→ **Directions for this task**:
Give the listing back in full, exactly as written, with the pictures removed.

→ **Recorded data**:
□ □ □ □

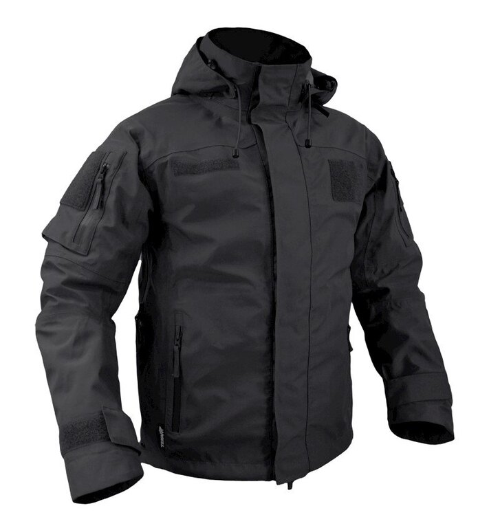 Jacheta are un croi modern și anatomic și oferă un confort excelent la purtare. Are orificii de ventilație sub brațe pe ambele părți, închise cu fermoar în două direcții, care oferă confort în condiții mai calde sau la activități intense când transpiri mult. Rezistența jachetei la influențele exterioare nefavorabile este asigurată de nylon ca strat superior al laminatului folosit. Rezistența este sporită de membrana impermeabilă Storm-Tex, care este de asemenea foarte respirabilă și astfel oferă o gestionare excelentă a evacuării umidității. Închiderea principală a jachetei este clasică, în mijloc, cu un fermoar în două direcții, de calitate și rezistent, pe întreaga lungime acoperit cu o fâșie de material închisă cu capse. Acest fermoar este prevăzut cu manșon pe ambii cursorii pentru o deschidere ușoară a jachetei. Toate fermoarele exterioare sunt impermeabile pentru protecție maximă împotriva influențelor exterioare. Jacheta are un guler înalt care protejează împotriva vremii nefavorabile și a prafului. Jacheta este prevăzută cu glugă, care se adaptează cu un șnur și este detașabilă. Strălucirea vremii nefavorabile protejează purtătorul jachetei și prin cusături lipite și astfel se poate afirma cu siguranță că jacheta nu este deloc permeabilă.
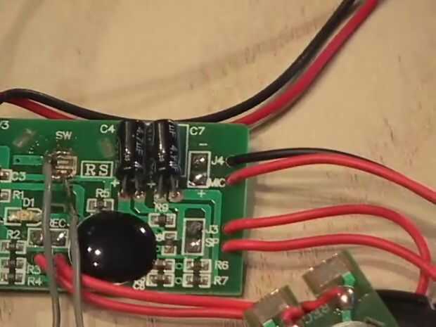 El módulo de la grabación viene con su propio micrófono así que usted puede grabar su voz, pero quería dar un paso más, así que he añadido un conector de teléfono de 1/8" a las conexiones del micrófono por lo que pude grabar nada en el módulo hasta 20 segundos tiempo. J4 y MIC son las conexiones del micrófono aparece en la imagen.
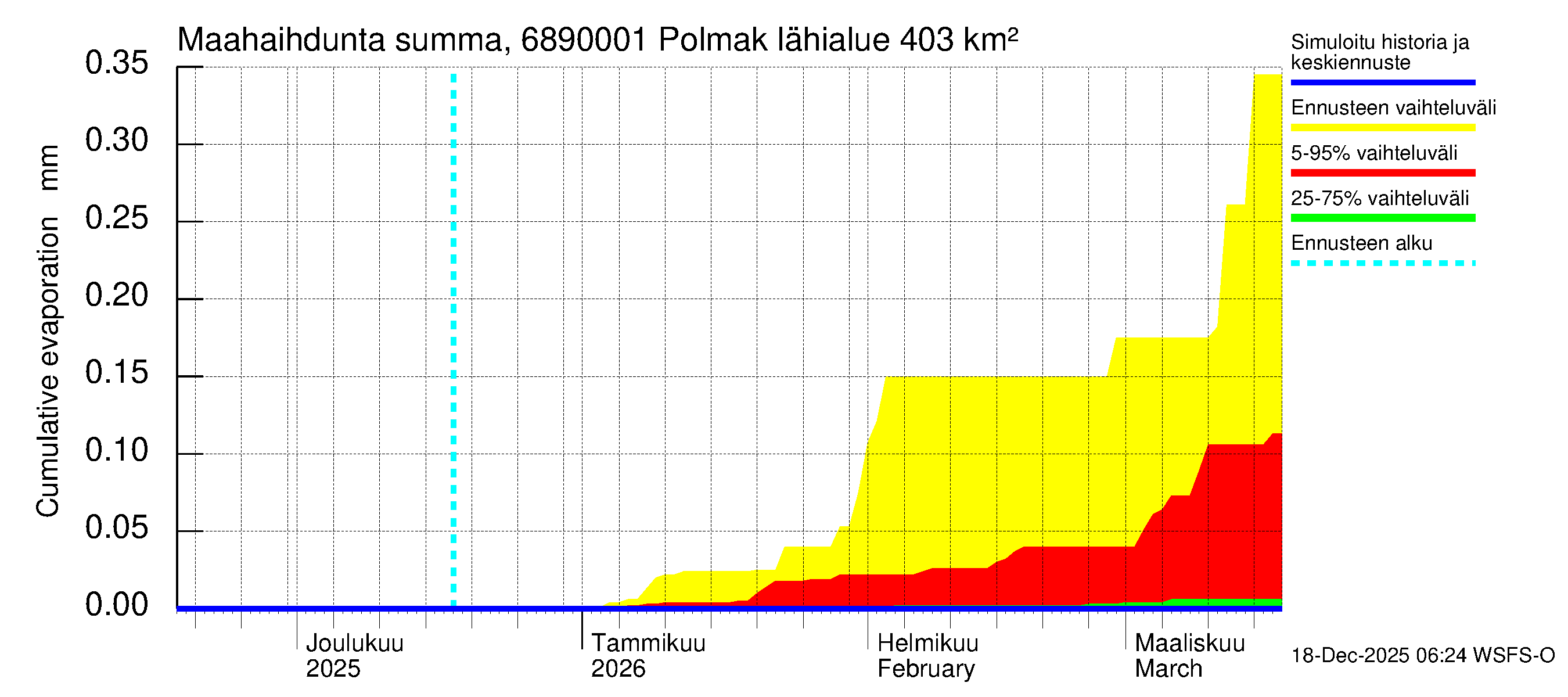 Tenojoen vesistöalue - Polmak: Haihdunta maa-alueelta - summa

□ □ □ □

→ **Written answer**:
 Jacheta are un croi modern și anatomic și oferă un confort excelent la purtare. Are orificii de ventilație sub brațe pe ambele părți, închise cu fermoar în două direcții, care oferă confort în condiții mai calde sau la activități intense când transpiri mult. Rezistența jachetei la influențele exterioare nefavorabile este asigurată de nylon ca strat superior al laminatului folosit. Rezistența este sporită de membrana impermeabilă Storm-Tex, care este de asemenea foarte respirabilă și astfel oferă o gestionare excelentă a evacuării umidității. Închiderea principală a jachetei este clasică, în mijloc, cu un fermoar în două direcții, de calitate și rezistent, pe întreaga lungime acoperit cu o fâșie de material închisă cu capse. Acest fermoar este prevăzut cu manșon pe ambii cursorii pentru o deschidere ușoară a jachetei. Toate fermoarele exterioare sunt impermeabile pentru protecție maximă împotriva influențelor exterioare. Jacheta are un guler înalt care protejează împotriva vremii nefavorabile și a prafului. Jacheta este prevăzută cu glugă, care se adaptează cu un șnur și este detașabilă. Strălucirea vremii nefavorabile protejează purtătorul jachetei și prin cusături lipite și astfel se poate afirma cu siguranță că jacheta nu este deloc permeabilă.
 El módulo de la grabación viene con su propio micrófono así que usted puede grabar su voz, pero quería dar un paso más, así que he añadido un conector de teléfono de 1/8" a las conexiones del micrófono por lo que pude grabar nada en el módulo hasta 20 segundos tiempo. J4 y MIC son las conexiones del micrófono aparece en la imagen.
 Tenojoen vesistöalue - Polmak: Haihdunta maa-alueelta - summa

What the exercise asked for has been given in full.